Assignment:
Below is a listing with pictures. Repeat exactly the lines starting at the one holding "(2)研究分BIM数量划分及" and going on through the one holding "India. A useful", and leave every picture out.

Given information:
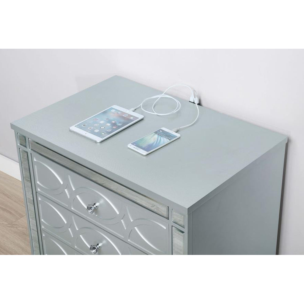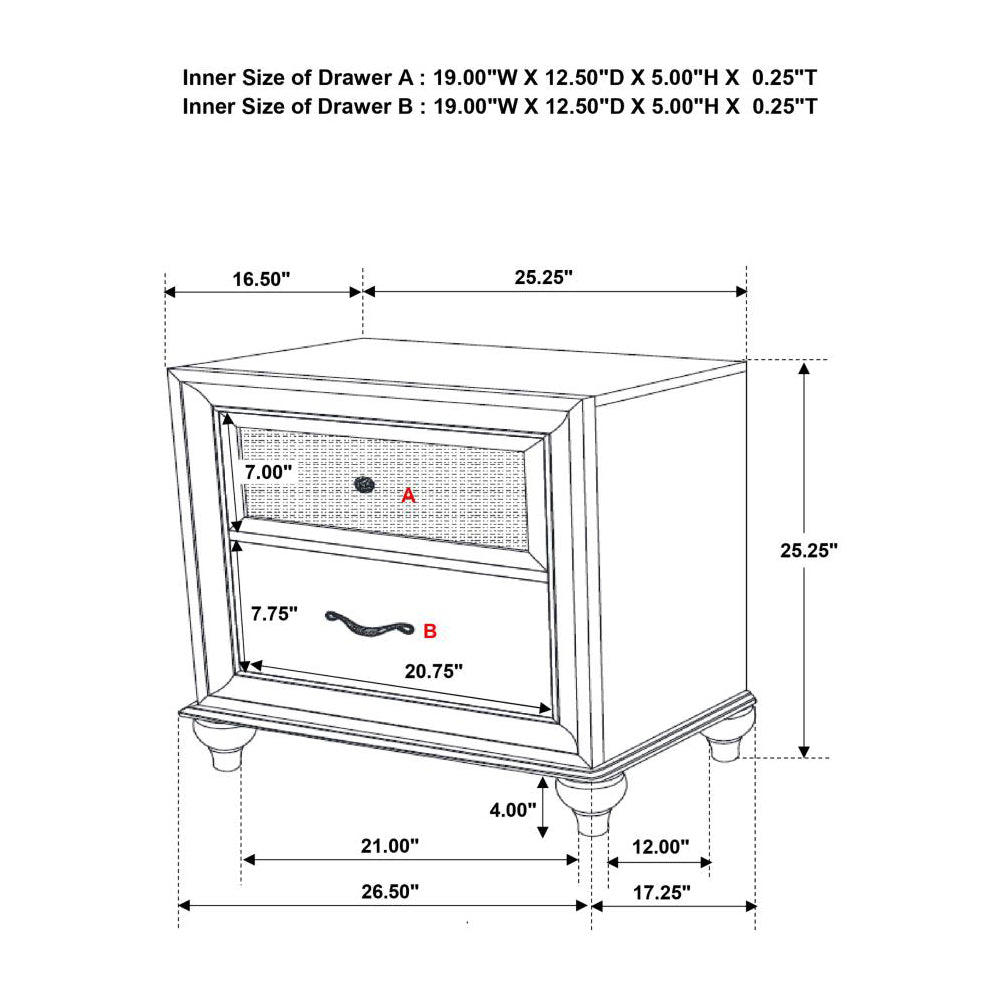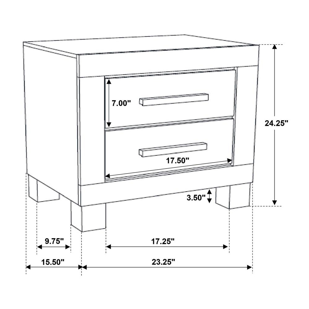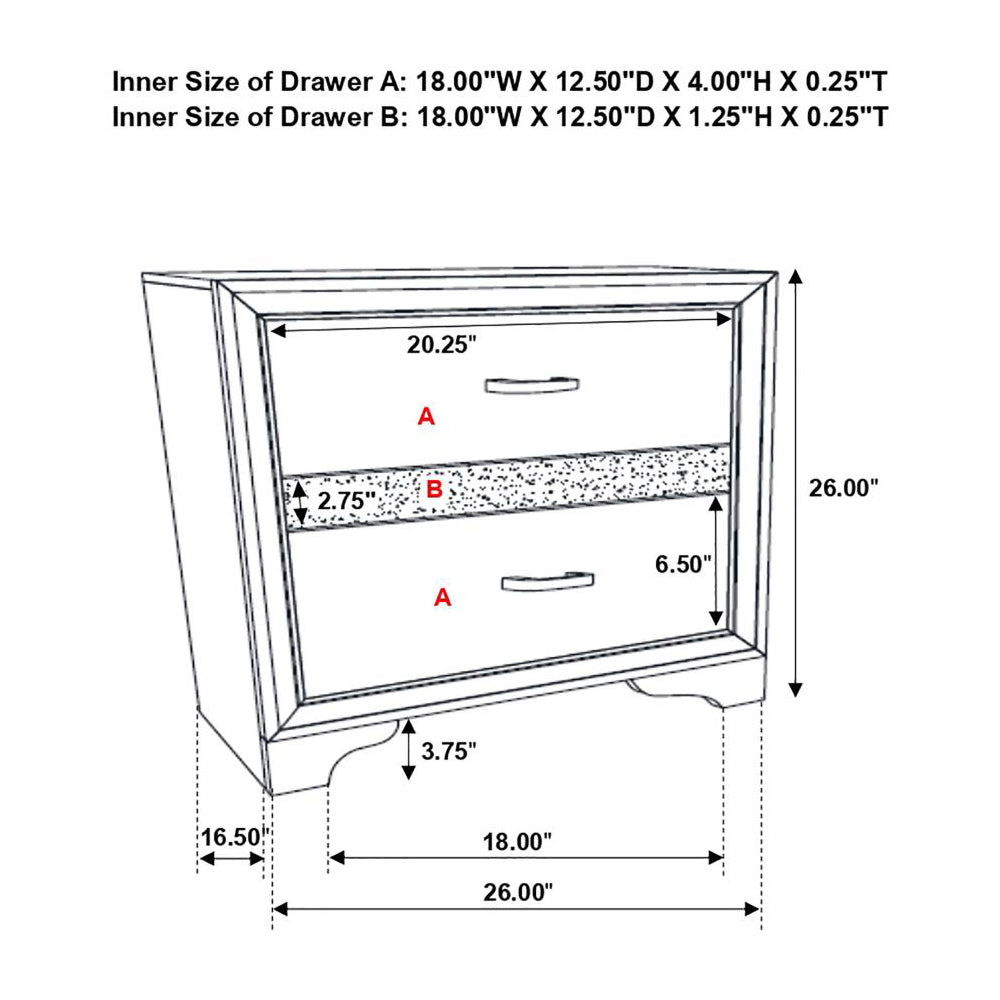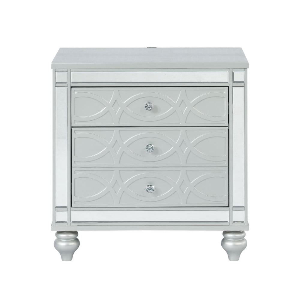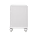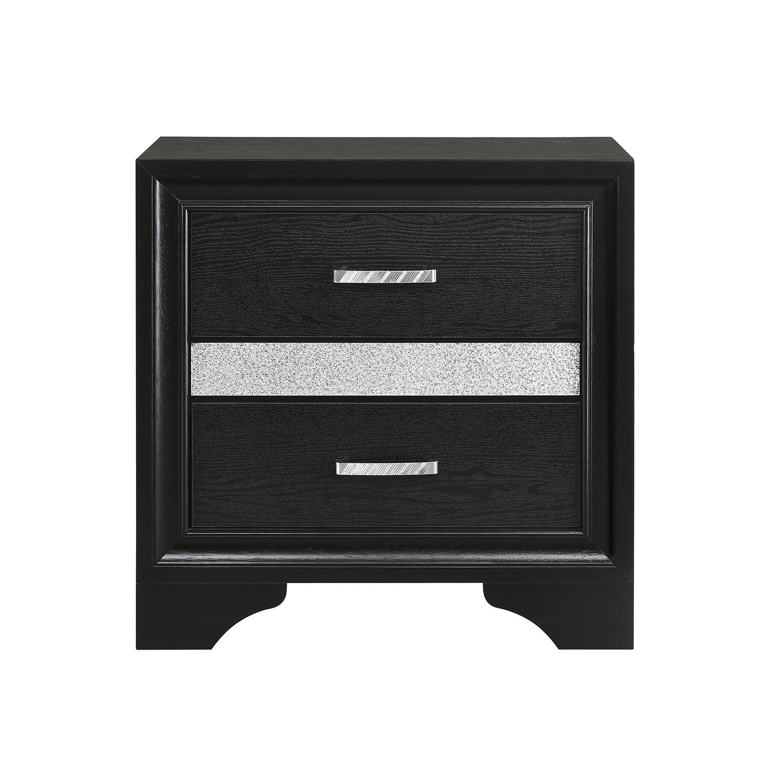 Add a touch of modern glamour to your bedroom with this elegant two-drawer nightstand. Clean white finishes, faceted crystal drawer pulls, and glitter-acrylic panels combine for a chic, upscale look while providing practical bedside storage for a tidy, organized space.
---
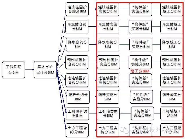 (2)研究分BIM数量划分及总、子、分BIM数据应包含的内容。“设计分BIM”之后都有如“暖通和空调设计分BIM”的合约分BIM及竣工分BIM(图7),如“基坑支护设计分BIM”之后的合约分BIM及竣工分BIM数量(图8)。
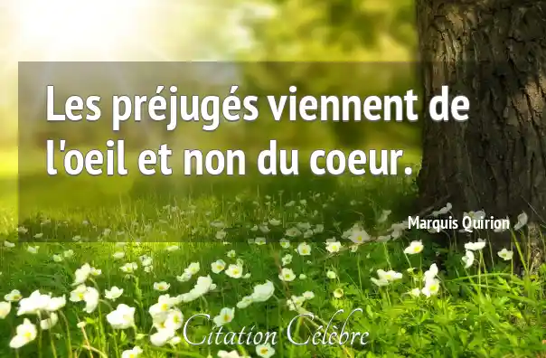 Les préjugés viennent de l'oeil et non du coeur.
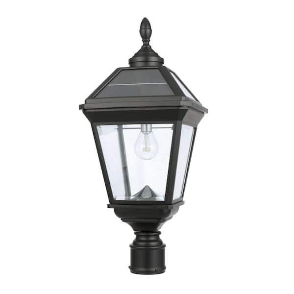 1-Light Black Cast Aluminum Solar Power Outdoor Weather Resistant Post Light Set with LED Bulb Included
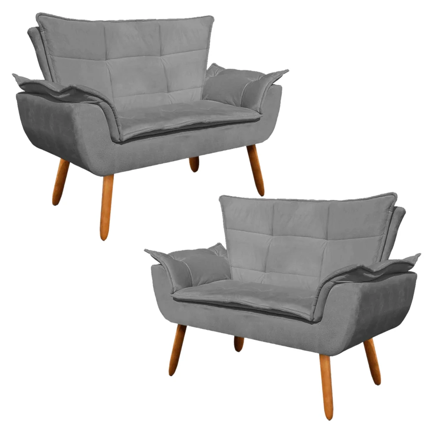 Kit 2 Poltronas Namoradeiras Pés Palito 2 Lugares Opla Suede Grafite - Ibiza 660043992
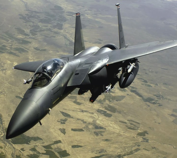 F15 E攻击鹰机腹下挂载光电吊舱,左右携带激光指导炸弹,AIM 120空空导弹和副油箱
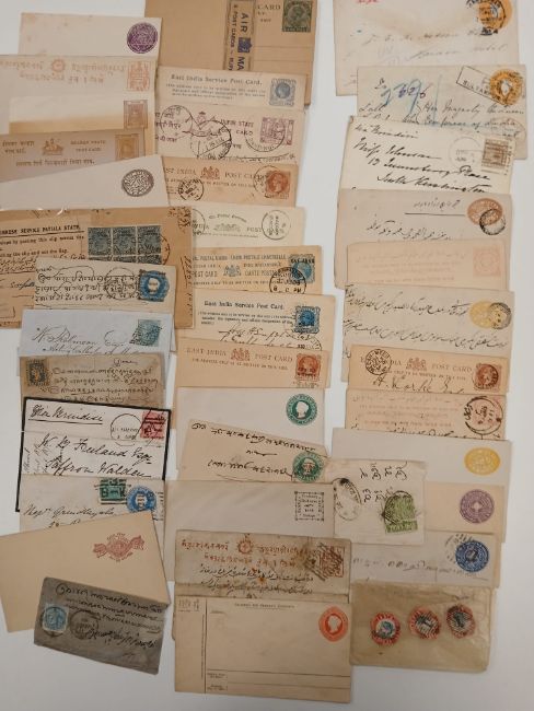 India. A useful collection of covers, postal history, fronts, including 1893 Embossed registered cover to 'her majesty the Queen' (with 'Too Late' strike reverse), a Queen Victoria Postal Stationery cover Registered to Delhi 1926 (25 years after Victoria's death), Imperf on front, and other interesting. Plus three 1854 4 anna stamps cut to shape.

Written solution:
 (2)研究分BIM数量划分及总、子、分BIM数据应包含的内容。“设计分BIM”之后都有如“暖通和空调设计分BIM”的合约分BIM及竣工分BIM(图7),如“基坑支护设计分BIM”之后的合约分BIM及竣工分BIM数量(图8)。
 Les préjugés viennent de l'oeil et non du coeur.
 1-Light Black Cast Aluminum Solar Power Outdoor Weather Resistant Post Light Set with LED Bulb Included
 Kit 2 Poltronas Namoradeiras Pés Palito 2 Lugares Opla Suede Grafite - Ibiza 660043992
 F15 E攻击鹰机腹下挂载光电吊舱,左右携带激光指导炸弹,AIM 120空空导弹和副油箱
 India. A useful collection of covers, postal history, fronts, including 1893 Embossed registered cover to 'her majesty the Queen' (with 'Too Late' strike reverse), a Queen Victoria Postal Stationery cover Registered to Delhi 1926 (25 years after Victoria's death), Imperf on front, and other interesting. Plus three 1854 4 anna stamps cut to shape.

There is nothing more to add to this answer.